PROBLEM STATEMENT. From the data underneath, reproduce exactly the stretch that begins at the line with "Plana (50-70 m" and ends after the line with "925 sterling silver".

DATA EXCERPTS.
□ □ □

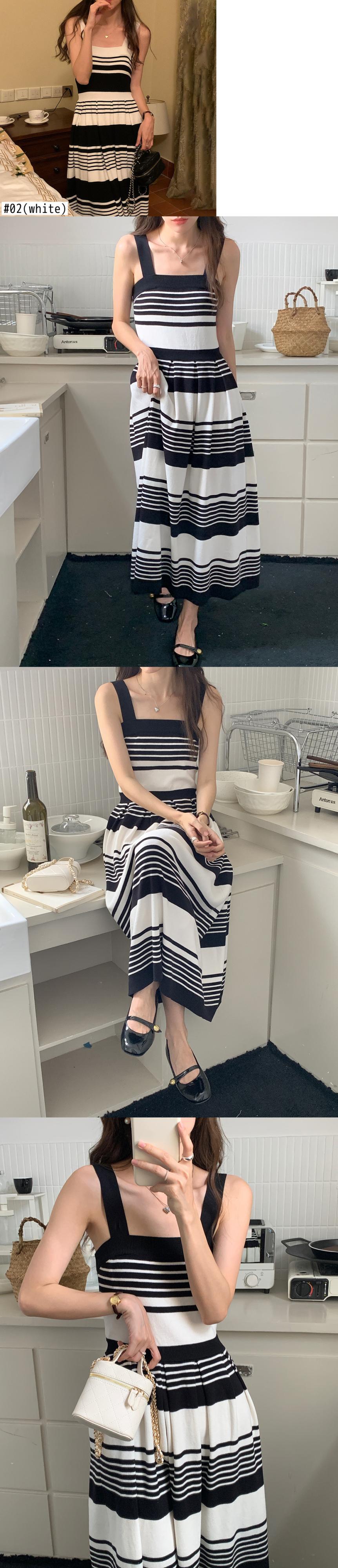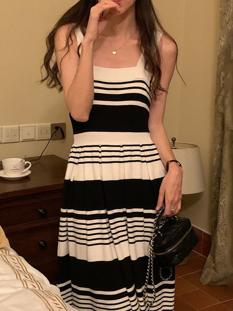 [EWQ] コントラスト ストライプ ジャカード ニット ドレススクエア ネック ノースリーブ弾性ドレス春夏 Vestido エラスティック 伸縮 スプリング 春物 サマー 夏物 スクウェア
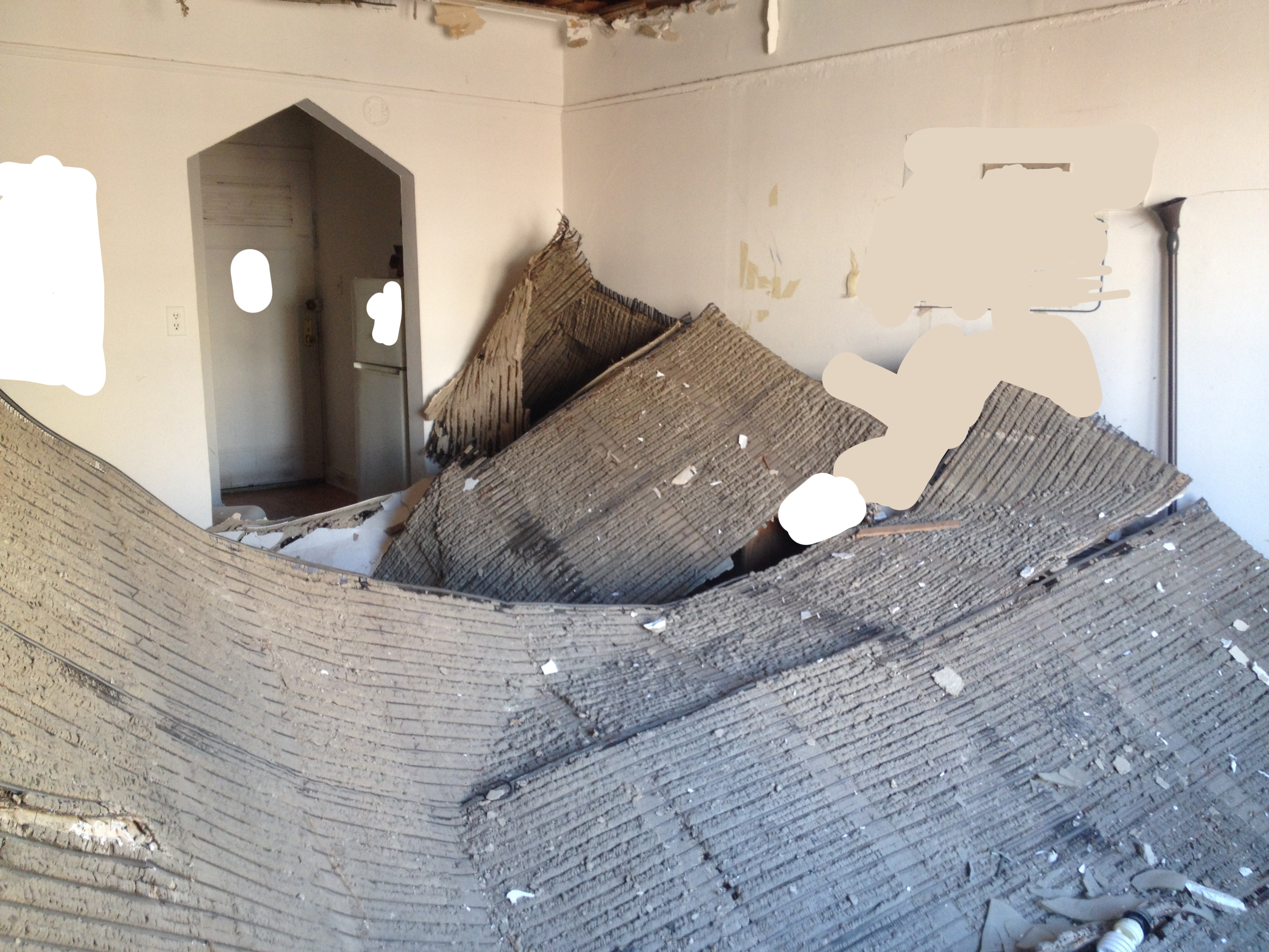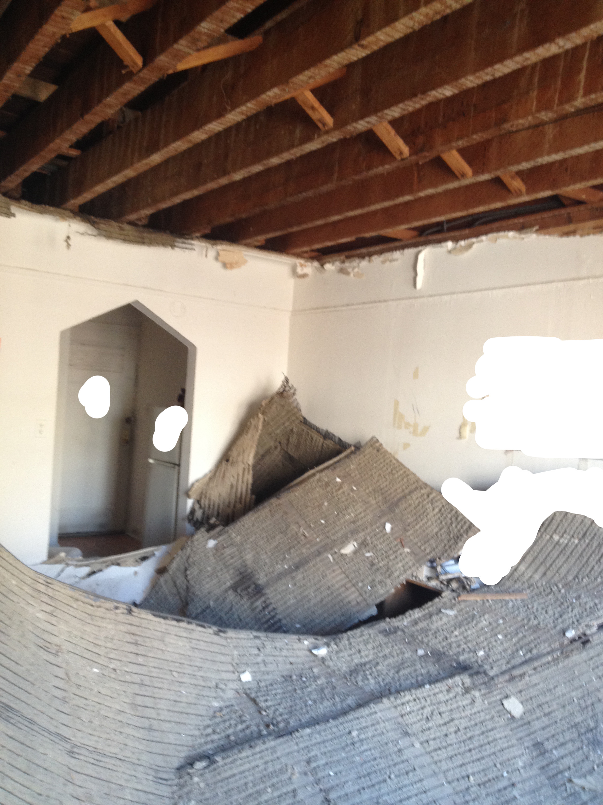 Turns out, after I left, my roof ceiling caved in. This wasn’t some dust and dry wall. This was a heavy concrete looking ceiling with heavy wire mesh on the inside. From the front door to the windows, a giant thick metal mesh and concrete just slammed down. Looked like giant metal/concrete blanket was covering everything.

□ □ □

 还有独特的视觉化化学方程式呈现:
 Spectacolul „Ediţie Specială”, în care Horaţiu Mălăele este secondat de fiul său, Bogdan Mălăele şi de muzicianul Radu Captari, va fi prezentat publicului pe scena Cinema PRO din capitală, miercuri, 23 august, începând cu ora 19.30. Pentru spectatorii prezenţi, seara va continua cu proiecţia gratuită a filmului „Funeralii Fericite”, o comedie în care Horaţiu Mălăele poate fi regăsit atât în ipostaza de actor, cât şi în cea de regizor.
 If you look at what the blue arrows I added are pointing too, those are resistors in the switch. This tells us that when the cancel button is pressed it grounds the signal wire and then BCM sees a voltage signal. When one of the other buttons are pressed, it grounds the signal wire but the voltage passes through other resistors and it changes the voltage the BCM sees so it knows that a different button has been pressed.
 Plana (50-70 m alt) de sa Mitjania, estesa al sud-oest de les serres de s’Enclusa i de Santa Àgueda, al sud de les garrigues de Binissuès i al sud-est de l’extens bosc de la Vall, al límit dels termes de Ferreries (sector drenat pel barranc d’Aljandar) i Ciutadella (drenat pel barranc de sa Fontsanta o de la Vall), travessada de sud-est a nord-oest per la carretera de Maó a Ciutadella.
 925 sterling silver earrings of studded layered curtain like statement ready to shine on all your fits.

□ □ □

SOLUTION FOR THIS PROBLEM.
 Plana (50-70 m alt) de sa Mitjania, estesa al sud-oest de les serres de s’Enclusa i de Santa Àgueda, al sud de les garrigues de Binissuès i al sud-est de l’extens bosc de la Vall, al límit dels termes de Ferreries (sector drenat pel barranc d’Aljandar) i Ciutadella (drenat pel barranc de sa Fontsanta o de la Vall), travessada de sud-est a nord-oest per la carretera de Maó a Ciutadella.
 925 sterling silver earrings of studded layered curtain like statement ready to shine on all your fits.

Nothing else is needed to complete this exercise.